Dataset items:

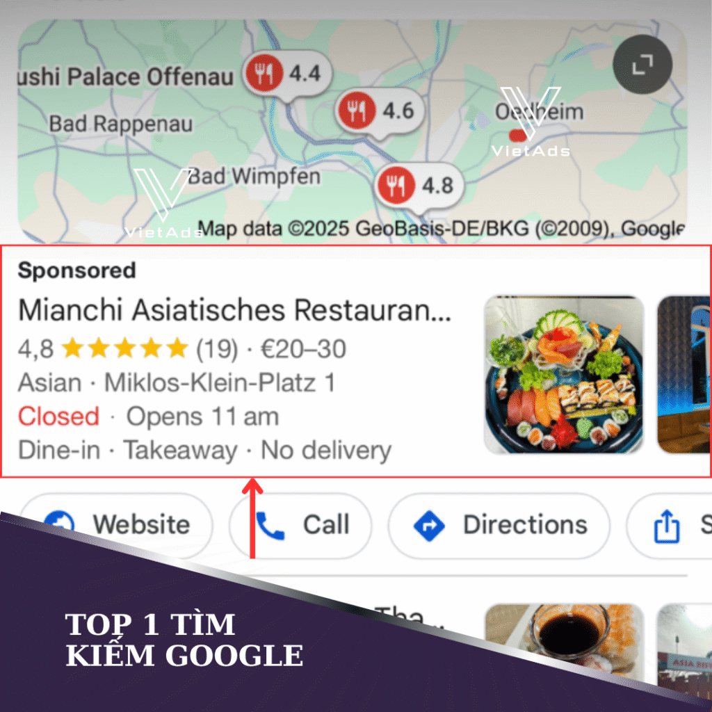 Chạy quảng cáo Google Ads giúp nhà hàng luôn xuất hiện top 1 khi khách hàng tìm kiếm “restaurant neckarsulm”, “sushi bad friedrichshall”
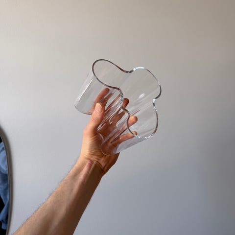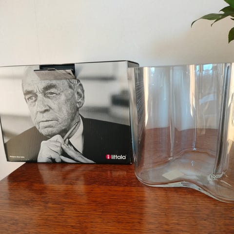 Myydään Iittalan Aalto -maljakko kirkasta lasia. Korkeus 12 cm. Hyvin vähän käytetty.
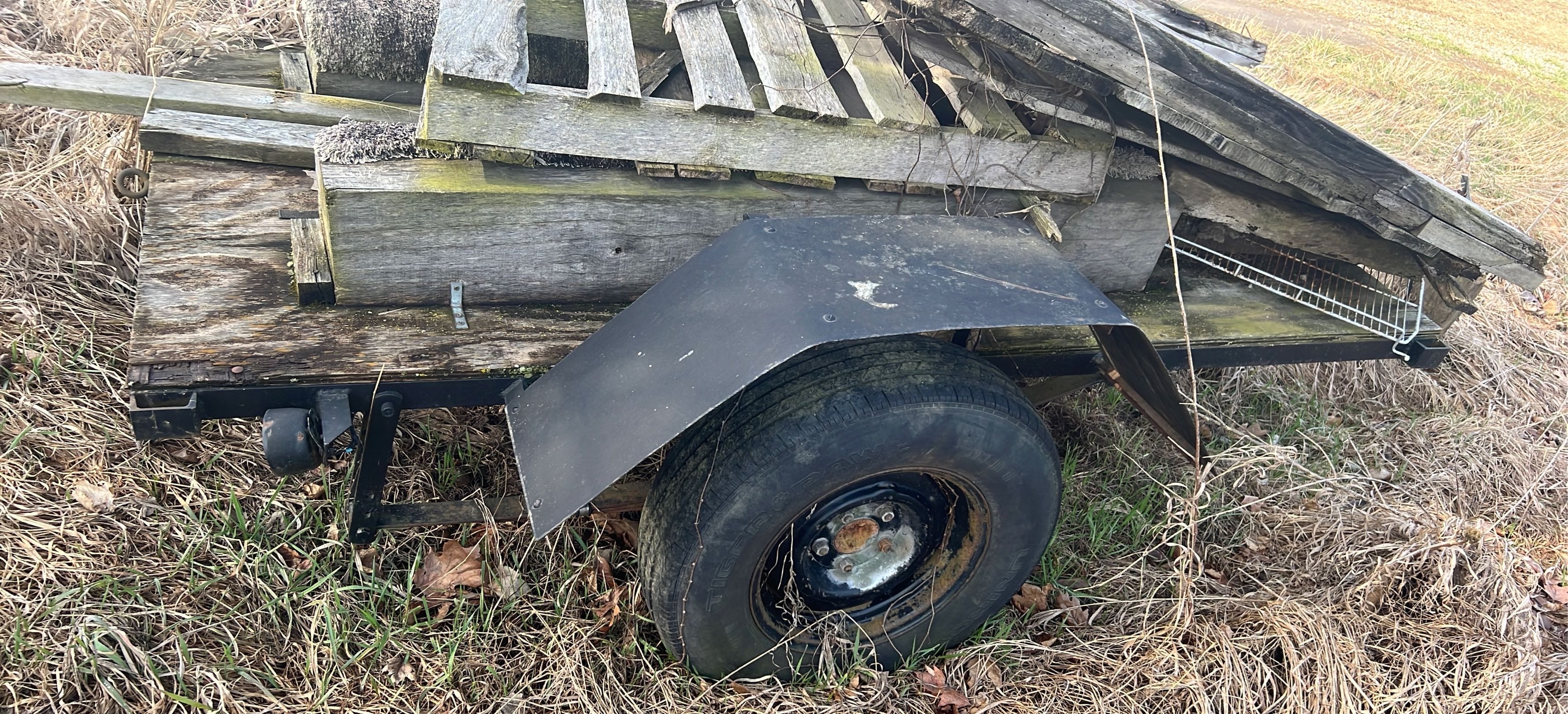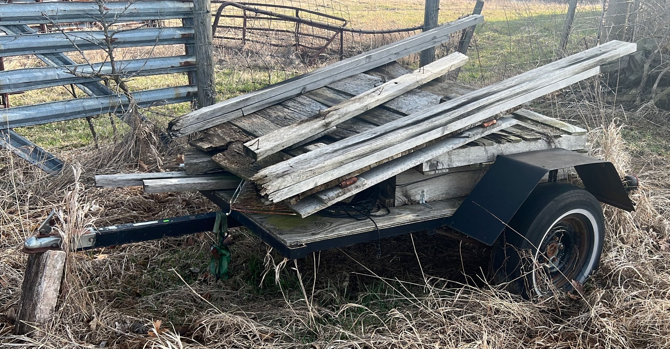 54a Single Axle Trailer with Plywood Floor and scrap wood, VIN # MVIN200543IND
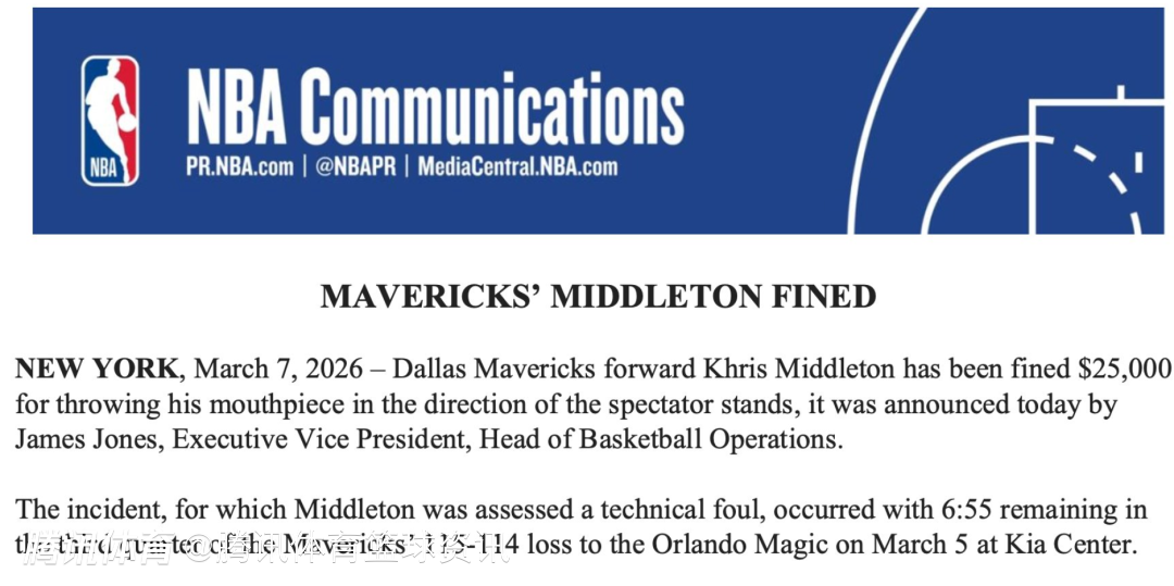 北京时间3月8日,NBA官方发布处罚公告,对独行侠球员米德尔顿处以25000美元的罚款。
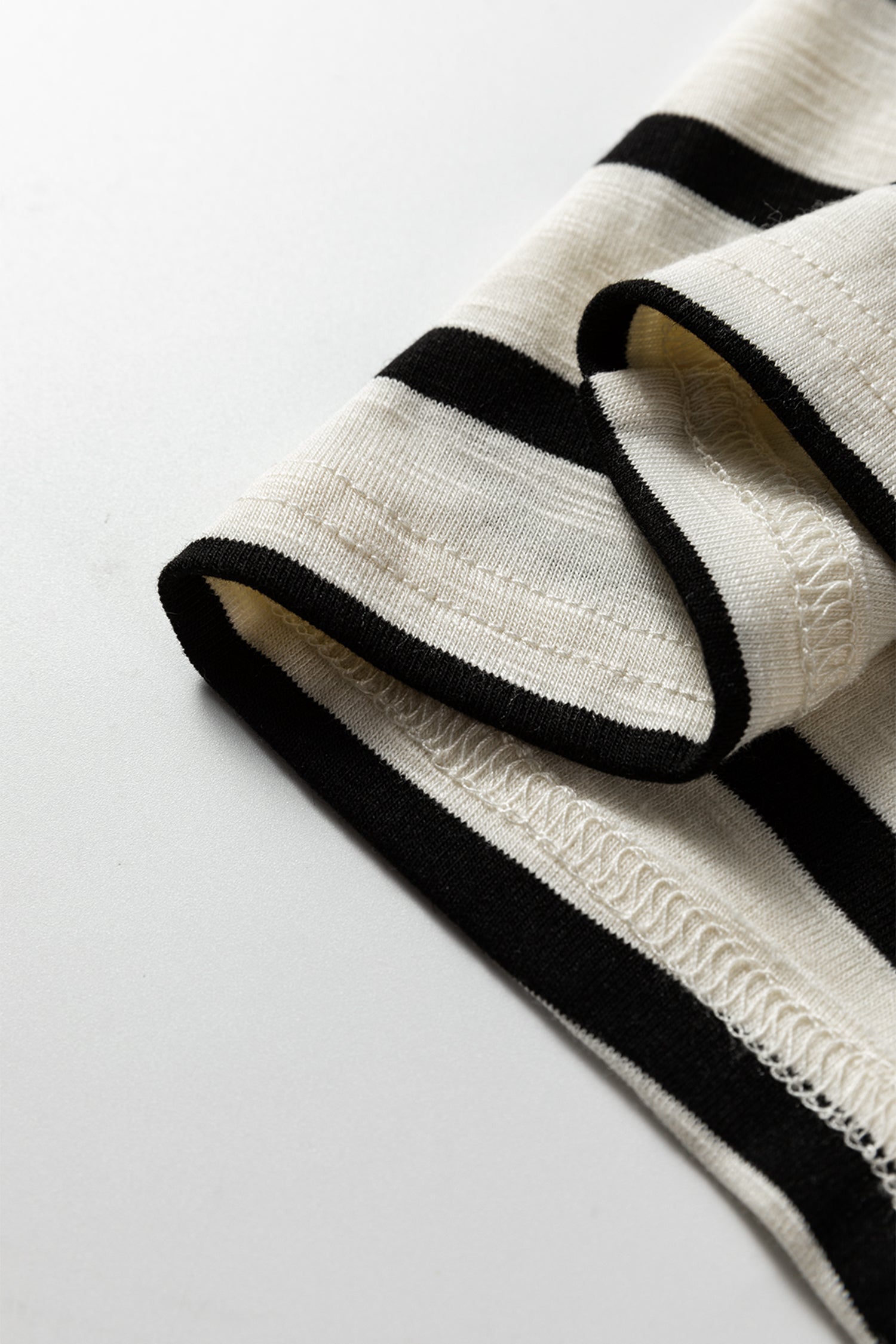 Black Stripe Ribbed Trim Button Cuff Long Sleeve Top Midi Skirt 2pcs Outfit
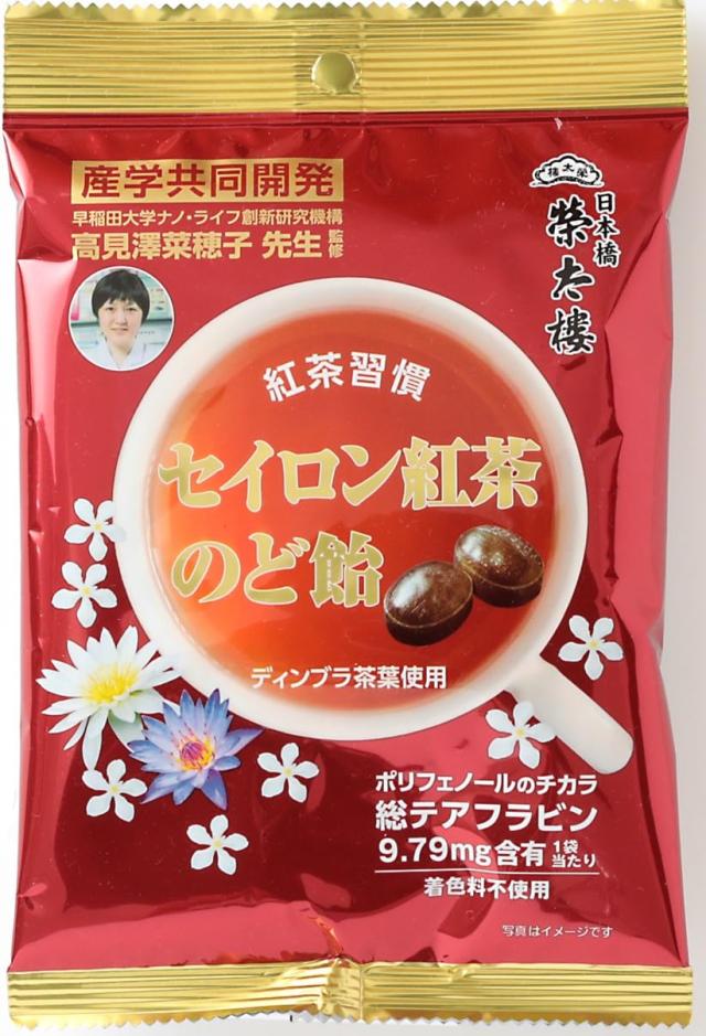 説明 商品紹介 紅茶の機能性について研究されている早稲田大学ナノ・ライフ創新研究機構の高見澤菜穂子先生と出会い、榮太樓の伝統製法で紅茶本来の美味しさを活かしつつ、紅茶が持つチカラも兼ね備えたのど飴ができました。 原材料・成分 水飴(国内製造)、グラニュー糖、紅茶/L-メントール

### WORK REQUIRED
Quote the data exactly, leaving every image out of the copy.

### YOUR RESPONSE
 Chạy quảng cáo Google Ads giúp nhà hàng luôn xuất hiện top 1 khi khách hàng tìm kiếm “restaurant neckarsulm”, “sushi bad friedrichshall”
 Myydään Iittalan Aalto -maljakko kirkasta lasia. Korkeus 12 cm. Hyvin vähän käytetty.
 54a Single Axle Trailer with Plywood Floor and scrap wood, VIN # MVIN200543IND
 北京时间3月8日,NBA官方发布处罚公告,对独行侠球员米德尔顿处以25000美元的罚款。
 Black Stripe Ribbed Trim Button Cuff Long Sleeve Top Midi Skirt 2pcs Outfit
 説明 商品紹介 紅茶の機能性について研究されている早稲田大学ナノ・ライフ創新研究機構の高見澤菜穂子先生と出会い、榮太樓の伝統製法で紅茶本来の美味しさを活かしつつ、紅茶が持つチカラも兼ね備えたのど飴ができました。 原材料・成分 水飴(国内製造)、グラニュー糖、紅茶/L-メントール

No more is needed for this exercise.